Two of them involve two blind men – so four blind men in total – and the third is a father who advocates for his epileptic son.  In each of these four stories, the ones-seeking-healing enter the story with the same line: Lord, have mercy!  And they all do so with equal gusto and persistence, for they are portrayed as speaking this line, “Lord, have mercy,” while “crying loudly,” or “shouting” or jostling through a crowd.  All, inevitably, find healing in Jesus’ response.

But the Canaanite woman’s story diverges here.  The first distinction is that while all experience some level of marginalization because of being affected by illness, the Canaanite woman has two additional stigmas. She’s a woman, of course, an unfortunate gender in that context. And the fact that she makes herself known in public through shouting is serious faux pas.

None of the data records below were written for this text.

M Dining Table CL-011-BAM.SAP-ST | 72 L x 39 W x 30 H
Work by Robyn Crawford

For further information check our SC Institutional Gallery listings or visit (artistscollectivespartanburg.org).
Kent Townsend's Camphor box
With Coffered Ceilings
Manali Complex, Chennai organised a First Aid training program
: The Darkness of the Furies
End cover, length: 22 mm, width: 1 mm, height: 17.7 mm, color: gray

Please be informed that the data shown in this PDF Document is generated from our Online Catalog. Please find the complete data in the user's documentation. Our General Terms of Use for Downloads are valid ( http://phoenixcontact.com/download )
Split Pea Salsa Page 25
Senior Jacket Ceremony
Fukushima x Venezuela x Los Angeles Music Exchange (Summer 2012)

And, she’s Canaanite. The ethnic backgrounds of the others are not mentioned, from which we can infer that the men were Jewish.  She’s a woman…from the wrong tribe.  So the first divergence is that she should not be there; or, if she’s going to be there, she should know her place and stay in the background.

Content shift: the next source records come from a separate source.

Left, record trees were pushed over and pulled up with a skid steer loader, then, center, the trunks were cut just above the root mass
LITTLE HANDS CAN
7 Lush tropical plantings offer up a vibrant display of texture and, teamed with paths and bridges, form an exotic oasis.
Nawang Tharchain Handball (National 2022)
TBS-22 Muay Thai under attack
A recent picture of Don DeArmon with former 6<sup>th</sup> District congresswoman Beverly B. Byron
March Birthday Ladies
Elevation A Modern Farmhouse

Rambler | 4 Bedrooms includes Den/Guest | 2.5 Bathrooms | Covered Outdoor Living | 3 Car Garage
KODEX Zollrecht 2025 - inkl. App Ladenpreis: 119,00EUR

The other detail that is unique is that she is the only one who meets resistance from Jesus and the disciples when she cries out for mercy.  The disciples–silent in the other three stories–openly voice their desire for her to shut up and go away.  Not only is her voice not welcome, but they also want her to leave.  Jesus also puts up a barrier for healing that he does not construct for the others.

She did nothing different from the others who approached Jesus for healing, crying out, “Lord, have mercy!”  Yet she encounters resistance.  The relevance of how this still plays out today–even at the highest rungs of social and political power–should not be overlooked.

The “Foreigner” of Isaiah
Commentaries pitch a variety of hypotheses on what is happening between the Canaanite woman and Jesus.  In drawing in Isaiah 56, my sense is that the Canaanite woman is the example par excellence of the “foreigner” in Isaiah 56, whom God has committed to “gather in.”  Her body and her embodiment of covenant faithfulness bridge the good news of the Hebrew Scriptures and Jesus’ teaching.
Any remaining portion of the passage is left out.